Eyes glassing over? Yep. Me too.

Bottom Line

As mentioned before, the True Negatives (those good people just buying products like normal good people do) are in neither calculation here. The Precision-Recall curve is much more sensitive to changes in positive predictions (we predict you are fraudulent) and the positive class (you actually are fraudulent).

The PRC Example

Again, we are sorting our observations in descending order based on the model prediction.

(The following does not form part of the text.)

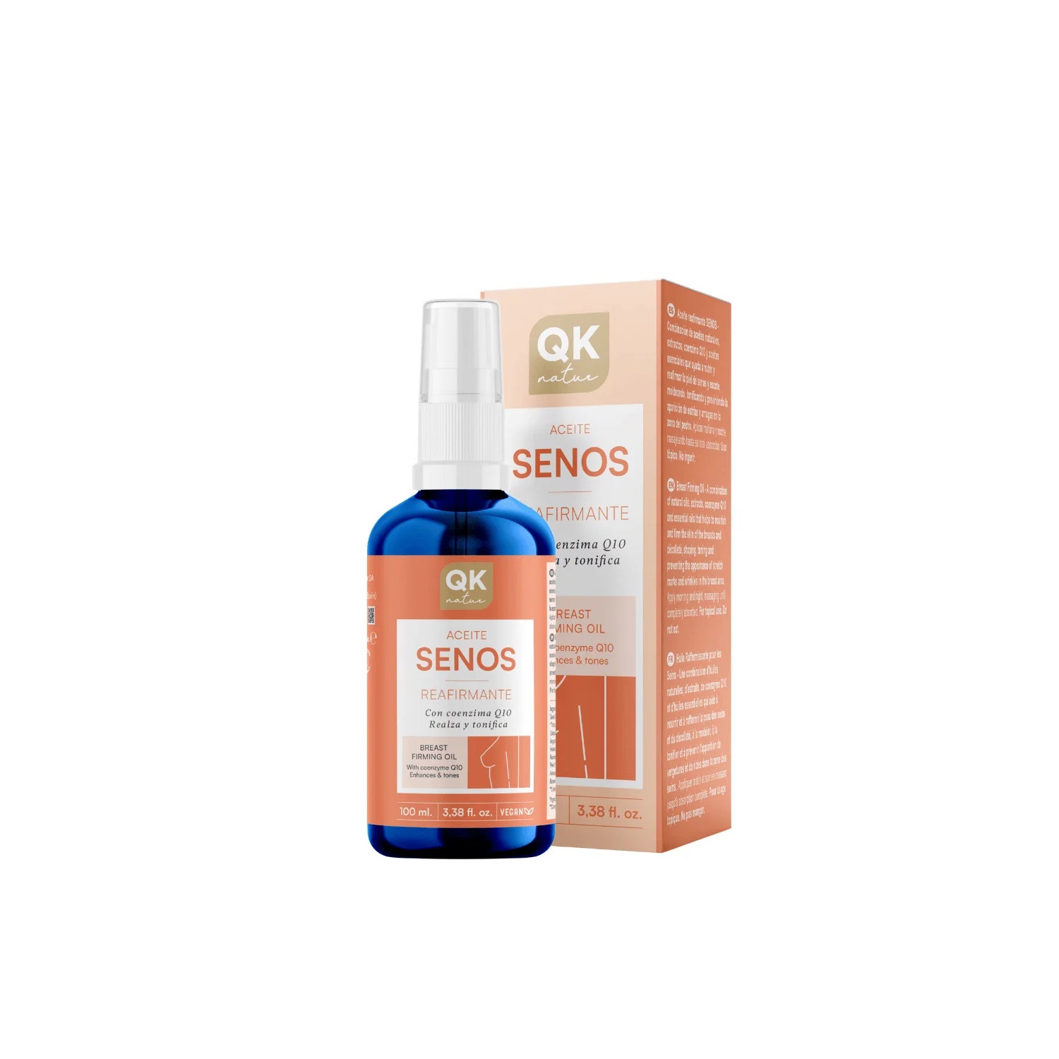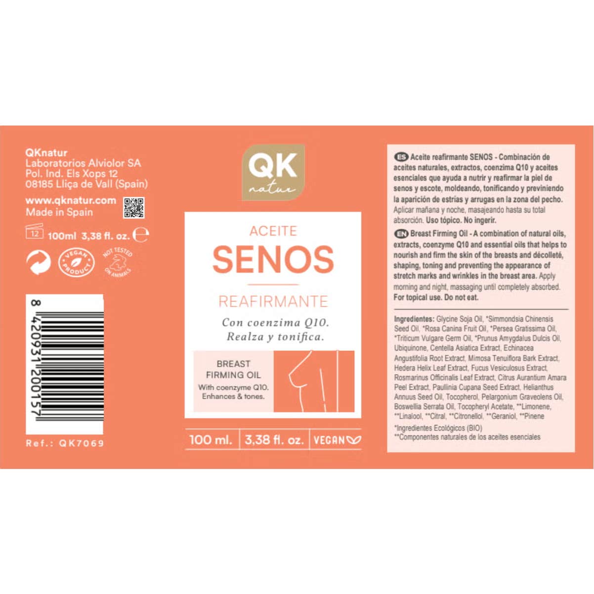 Aceite Reafirmante para Senos 100ml. Combinación de aceites naturales, extractos, coenzima Q10 y aceites esenciales que ayuda a nutrir y reafirmar la piel de senos y escote, moldeando, tonificando y previniendo la aparición de estrías y arrugas en la zona del pecho.
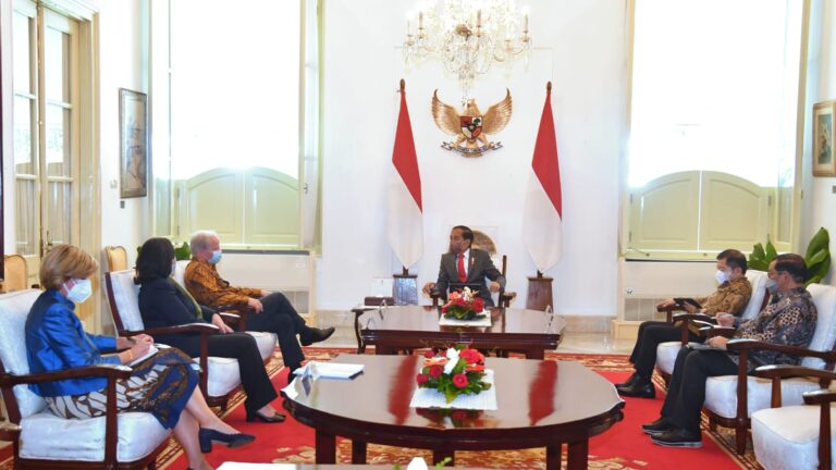 TERASNKRI.COM | JAKARTA – Presiden Joko Widodo menerima delegasi Bank Dunia di Istana Merdeka, Jakarta, pada Kamis, 14 Juli 2022. Delegasi yang hadir yakni Axel van Trotsenburg selaku Managing Director of Operations, Manuela V. Ferro selaku Regional Vice President East Asia and Pacific, serta Satu Kahkonen selaku Country Director Indonesia and Timor-Leste.

Going row-by-row, as we did with the ROC Curve, we are calculating the TP, FP, FN, Precision, and Recall assuming that the positive class is everything at the corresponding row and above.

Observation	Actual	Prediction	True Positives	False Positives	False Negatives	Precision	Recall
2	Fraud	0.944673621	1	0	3	100%	25%
1	Fraud	0.748078516	2	0	2	100%	50%
8	Fraud	0.593860392	3	0	1	100%	75%
3	Fraud	0.503556653	4	0	0	100%	100%
9	Good Customer	0.482503257	4	1	0	80%	100%
10	Good Customer	0.457706555	4	2	0	67%	100%
6	Good Customer	0.452495944	4	3	0	57%	100%
4	Good Customer	0.174186664	4	4	0	50%	100%
7	Good Customer	0.117337229	4	5	0	44%	100%
5	Good Customer	0.036683147	4	6	0	40%	100%

PRC Example

Learning from the Metrics

While you never want to build a model exclusively to exceed in any non-real-world metric, understanding how these metrics work will lead your team to better understand the world you are modeling in. If your dataset is massively imbalanced, you frankly may not need to focus on the majority class. The vast majority of customers are not fraudulent and will not ever experience fraud.